Quick Start Guide

This guide walks through running your first PolyzyMD simulation.

Overview

A typical PolyzyMD workflow:

  1. Initialize project with polyzymd init

  2. Add structure files (PDB, SDF)

  3. Configure simulation (edit YAML file)

  4. Validate the configuration

  5. Submit jobs to HPC cluster

Step 1: Initialize Your Project

The easiest way to start is with the init command, which creates a complete project scaffold:

polyzymd init --name my_simulation

This creates:

my_simulation/
├── config.yaml              <- Template configuration (edit this)
├── structures/              <- Add your PDB/SDF files here
│   ├── place_protein_here.placeholder.txt
│   └── place_ligand_here.placeholder.txt
├── job_scripts/             <- SLURM scripts will go here
└── slurm_logs/              <- Job output will go here

Tip

The config.yaml template has all sections commented out with example values. This teaches you the configuration syntax while you customize it for your system.

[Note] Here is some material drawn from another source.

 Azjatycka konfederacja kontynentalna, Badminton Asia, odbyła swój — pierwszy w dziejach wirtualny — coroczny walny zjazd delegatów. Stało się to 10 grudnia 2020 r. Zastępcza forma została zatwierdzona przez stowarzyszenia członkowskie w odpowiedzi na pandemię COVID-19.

Step 2: Add Your Structure Files

Copy your prepared structure files into the structures/ directory:

cd my_simulation

# Copy your enzyme PDB
cp /path/to/my_enzyme.pdb structures/enzyme.pdb

# Copy your substrate SDF (if using)
cp /path/to/my_substrate.sdf structures/substrate.sdf

# Remove the placeholder files
rm structures/*.placeholder.txt

Enzyme PDB Requirements

Your enzyme PDB must be simulation-ready:

  • All hydrogens added

  • Missing residues/atoms modeled

  • Proper protonation states

  • No alternate conformations

  • No crystallographic waters/ligands (unless intentional)

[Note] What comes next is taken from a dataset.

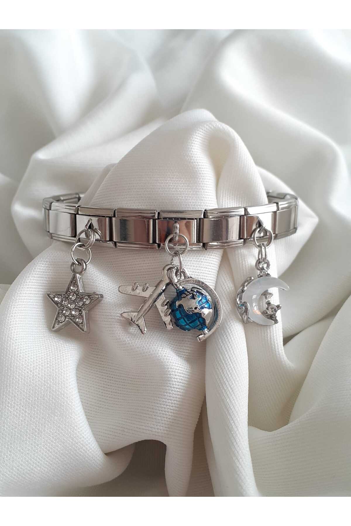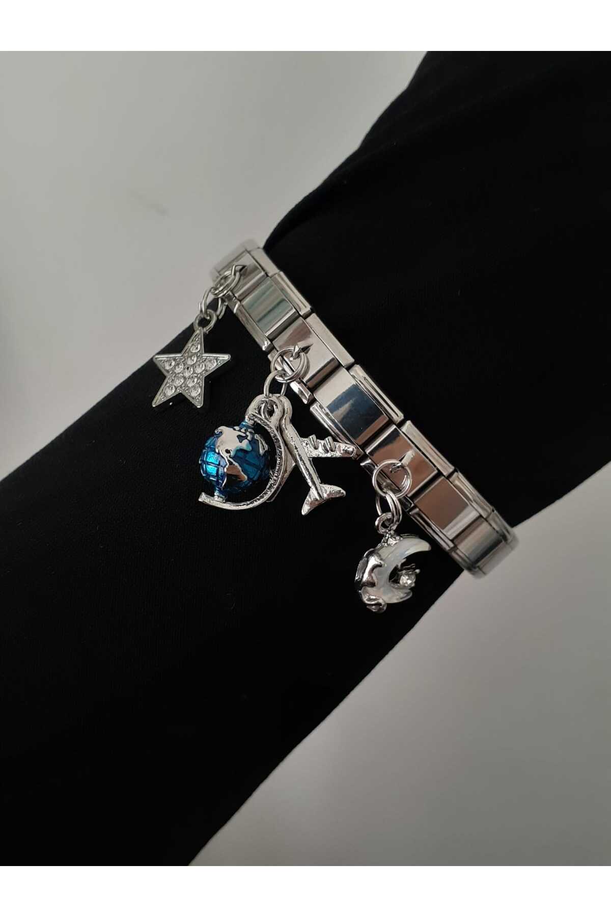 bijoux uniques Uçak&Dünya&Ay&Yıldız Figürlü Çelik italyan charm bileklik

Recommended preparation tools:

  • PDB2PQR - Protonation

  • CHARMM-GUI - Full preparation

  • PyMOL/Chimera - Manual inspection

Substrate SDF Requirements (if using)

  • 3D coordinates (from docking or crystal structure)

  • Correct protonation state for simulation pH

  • Single conformer (or specify conformer_index in config)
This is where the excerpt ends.